She lay sprawled unconscious in the road, beaten and gassed by Alabama state troopers. A White officer with a billy club stood over her.
The woman was Amelia Boynton Robinson (1911-2015), and a famous photo of that shocking moment helped galvanize the civil rights movement. It was taken during the “Bloody Sunday” march at the Edmund Pettus Bridge in Selma, Alabama, on March 7, 1965.
That attack by White officers against peaceful Black demonstrators horrified the nation and led to the passage of the Voting Rights Act. It also revealed the toughness of Robinson, dubbed “the matriarch of the voting rights movement.”
“I wasn’t looking for notoriety,” Robinson later said. “But if that’s what it took, I didn’t care how many licks I got. It just made me even more determined to fight for our cause.”
Robinson had been fighting for Black voting rights long before Selma. As far back as the 1930s, she was registering Black voters in Alabama – a brave undertaking that could have cost Robinson her life in the Jim Crow South. In 1964, she became the first African American woman to run for Congress in Alabama.

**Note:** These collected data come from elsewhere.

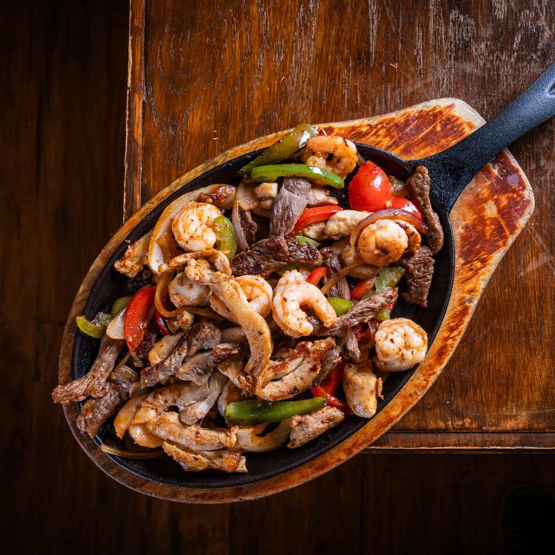 Mixed Fajitas with steak, chicken, shrimp with side of rice,beans and tortillas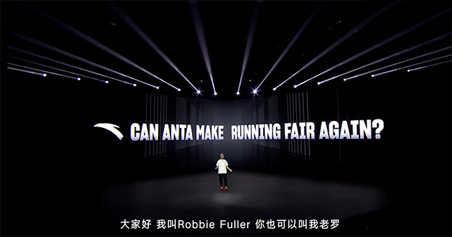 直播當晚,安踏C202 GT馬拉松競速跑鞋作為搭載“安踏氮科技”的主力亮相。安踏品牌鞋創意總監、C202 GT設計師Robbie Fuller為產品作介紹.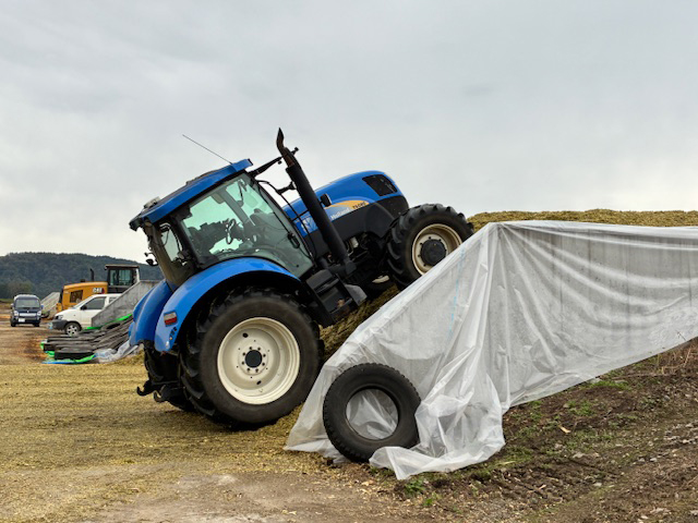 時期は昨年9月末。収穫したコーン🌽をバンカーサイロに搬入した後、

President Obama honored her half a century later when he clutched her hand – she was frail by then, and in a wheelchair – as they crossed the Selma bridge in March 2015 to commemorate the 50th anniversary of Bloody Sunday. Robinson died five months later at age 104.
“She was as strong, as hopeful, and as indomitable of spirit — as quintessentially American — as I’m sure she was that day 50 years ago,” Obama said at her death. “To honor the legacy of an American hero like Amelia Boynton requires only that we follow her example — that all of us fight to protect everyone’s right to vote.”